I’ll never shake it off completely, but I am a better person now that I eat
I still look at the calorie count of foods and use that to make my lunch choice. I still get paralysed in front of menus, having to analyse every option and ‘allow’ myself to choose something other than a salad. I still struggle making spontaneous decisions about my food. I still look at my reflection in shop windows and press my stomach down with my hand. I still wake up and have the instinctual thought of “How can I finish the day lighter than I started it?”
These things will never go away, as many addictions and disorders never truly leave us. When I started my therapy, Julie told me it would be the most amazing journey of my life, and I didn’t believe her. But taking little steps every day to fight my eating disorder, for 365 days, has changed my life.
I have more time for my friends and family because I’m not dedicating hours of my day to staring at a wall and trying to decide whether I’m allowed to eat pasta for dinner. I’m more focused and don’t get distracted as easily because my brain is getting the fuel it needs to chug along. My body doesn’t feel as sluggish as it did before, and my nails and hair grow faster and stronger. My general mood and attitude towards life has been flipped on its head. I feel more confident and spend less time picking at my appearance because it’s not my main goal in life to eradicate the flaws I’ve preached to myself. I’m less vain, less shallow, less angry. I’m not hungry anymore.
Three final things:
- The way you look is the least interesting thing about you.
- Calories are not an enemy.
- And finally, I’m sorry to be the bearer of bad news, but your parents were right– breakfast is the most important meal of the day.
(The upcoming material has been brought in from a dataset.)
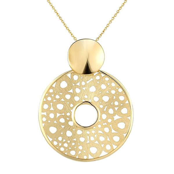 Collier, löchrige Scheibe, eismatt, poliert, gelbvergoldet

My favourite breakfast recipe is below.
Mind.org: About Eating Problems / Beat Eating Disorders / NHS.uk: Supporting Someone With an Eating Disorder / Enhanced Cognitive Behavioural Therapy
Life Oats
In a jar or container, combine:
- 90 ml of milk (any kind works)
- 4 heaped tablespoons of rolled oats
- a sprinkle of cinnamon (optional)
Seal the jar and leave in the fridge overnight.
In the morning, top the oats with:
- a drizzle of honey
- two spoonfuls of smooth or crunchy peanut butter (I find the fancy stuff best for this recipe, the kind with lots of natural oils)
- 1 sliced banana
- 1 quarter of an apple, thinly sliced
- a handful of blueberries
- sprinkle of sunflower seeds, chia seeds, and pumpkin seeds
Pour the contents into a small bowl. I find the fruit bakes best when it’s at the bottom, covered by the peanut butter and oats.
Microwave on high for 3-4 minutes.
Mix well while piping hot, allow to cool, and enjoy your breakfast.